There are also the error and close events. WebSockets don’t automatically recover when connections are terminated – this is something you need to implement yourself, and is part of the reason why there are many client-side libraries in existence. While the WebSocket class is straightforward and easy to use, it really is just a basic building block. Support for different subprotocols or additional features such as messaging channels must be implemented separately.

Generating and parsing WebSocket message frames

Once the handshake response has been sent to the client, the client and server are free to begin communicating using their chosen subprotocol (if any). Take a quick look at section 5 of the RFC to get a sense of what’s involved.

WebSocket messages are delivered in packages called “frames”, which begin with a message header, and conclude with the “payload” – the message data for this frame. Large messages may split the data over several frames, in which case you need to keep track of what you’ve received so far and piece the data together once it has all arrived.

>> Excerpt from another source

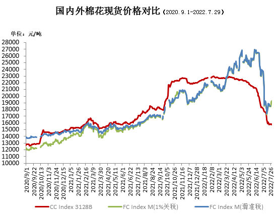 7月,美聯(lián)儲繼續(xù)加息75個基點(diǎn),國際市場對經(jīng)濟(jì)衰退擔(dān)心加大,供給端存在豐產(chǎn)預(yù)期,受此影響,國際棉價承壓下行。中國進(jìn)口棉價格指數(shù)FCIndexM月均118.49美分/磅,為新花指數(shù),環(huán)比下跌36.46美分;月底116.53美分/磅,環(huán)比下跌26.59美分,1%關(guān)稅下折人民幣19296元/噸,高于同期國內(nèi)現(xiàn)貨3478元,內(nèi)外棉價價差繼續(xù)大幅擴(kuò)大。

Moving forward – Other things you might consider

Basic implementation of a WebSocket server is really just the first stage of the process. Here are just a few of the things you’d want to think about when taking things to the next level:

  • What framing extensions will you support, such as per-message deflation?
  • What degree of client interoperability are you aiming for?
  • Are messages being received in the same order they were sent, and if not, how can you prevent this from putting your application into an invalid state?
  • Do you need guarantees on message delivery, and if so, what strategies can you implement to this end?
  • How many connections are active on your server?
  • Are any connections hogging all of the server’s resources?
  • Are any connections idle and should ideally be dropped?
  • What is the duration of the average connection lifespan?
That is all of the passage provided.